Une "démocratie façon lycéenne et juvénile"

"Le niveau du débat est tel qu'il est, c'est un grand défouloir", juge Jean-Pierre Le Goff. Pour lui, l'idée de reconstruire une constitution et que "chacun apporte son petit morceau" est "très gentille", de même que l'agriculture écologique. Mais "de là à dire qu'on va construire un projet sans les politiques et que l'on n'a pas besoin de l'Etat, c'est une impasse anti-démocratique.
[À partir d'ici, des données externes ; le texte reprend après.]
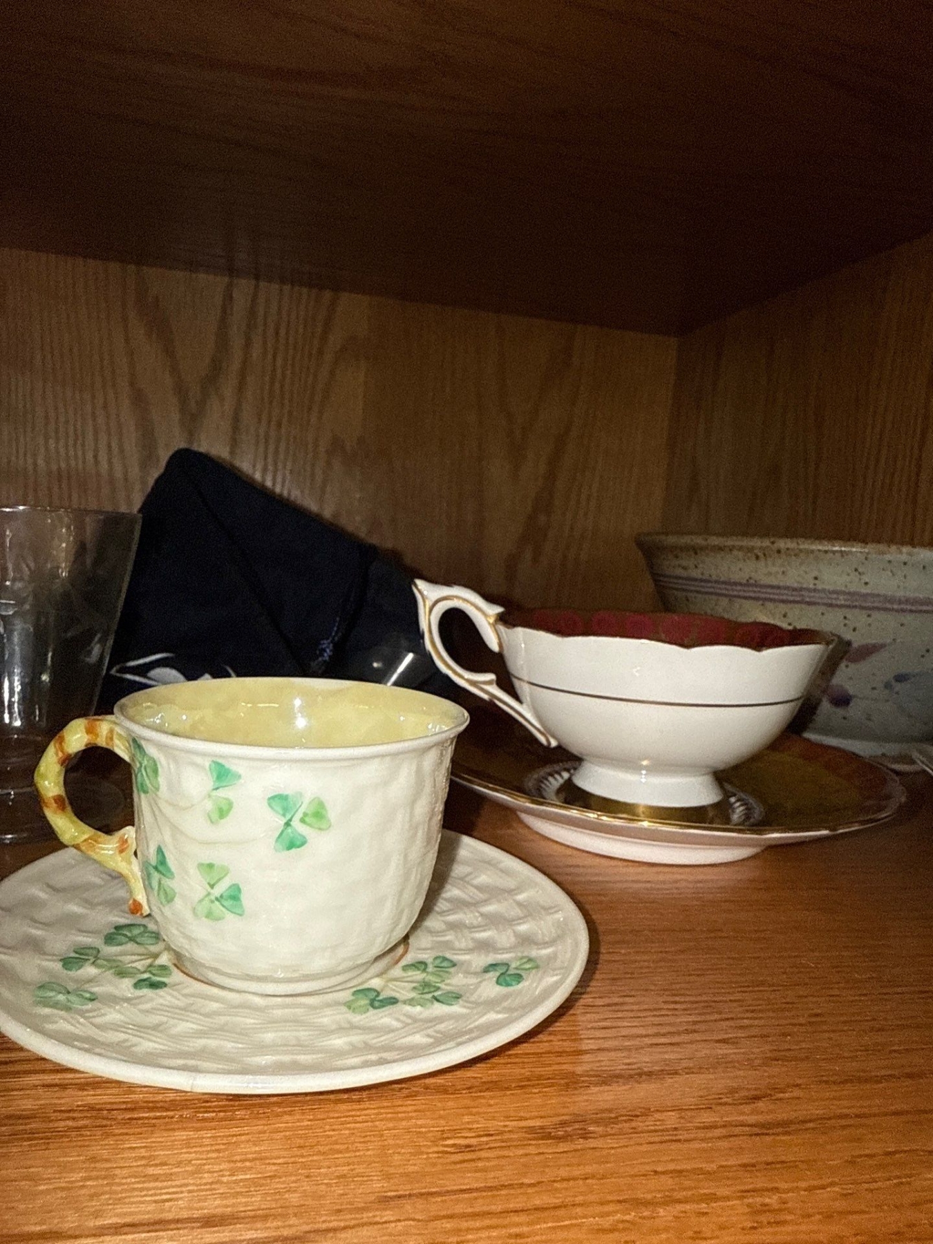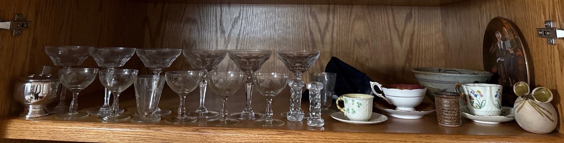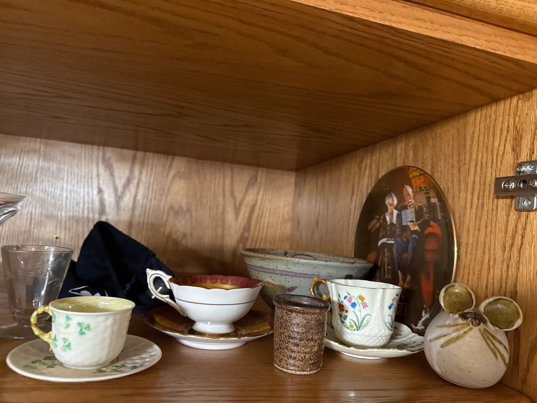 Glassware, Stoneware, China Cups & Saucers (Beleek, Aynsley, Royal Stafford)

C'est une démocratie directe, mais façon lycéenne et juvénile".

Les critiques de l'Etat et du politique qui ressortent du mouvement ne sont pas pour autant injustifiées, selon le philosophe. "Quand l'Etat ne joue pas son rôle, et que ce qui compte le plus pour les politiques est leur réélection et leur place, il est normal que la société se révolte", même si elle le fait de manière confuse. "Nuit debout" ne serait donc que le miroir d'un manque de forme de la société politique.

Jean-Pierre Le Goff admet toutefois ne jamais être allé sur place. "Je ne vois pas ce que je vais y chercher. Ce mouvement est une impasse, avec des représentants des lycéens qui critiquent les patrons alors qu'ils n'ont jamais mis les pieds dans une entreprise", ironise-t-il.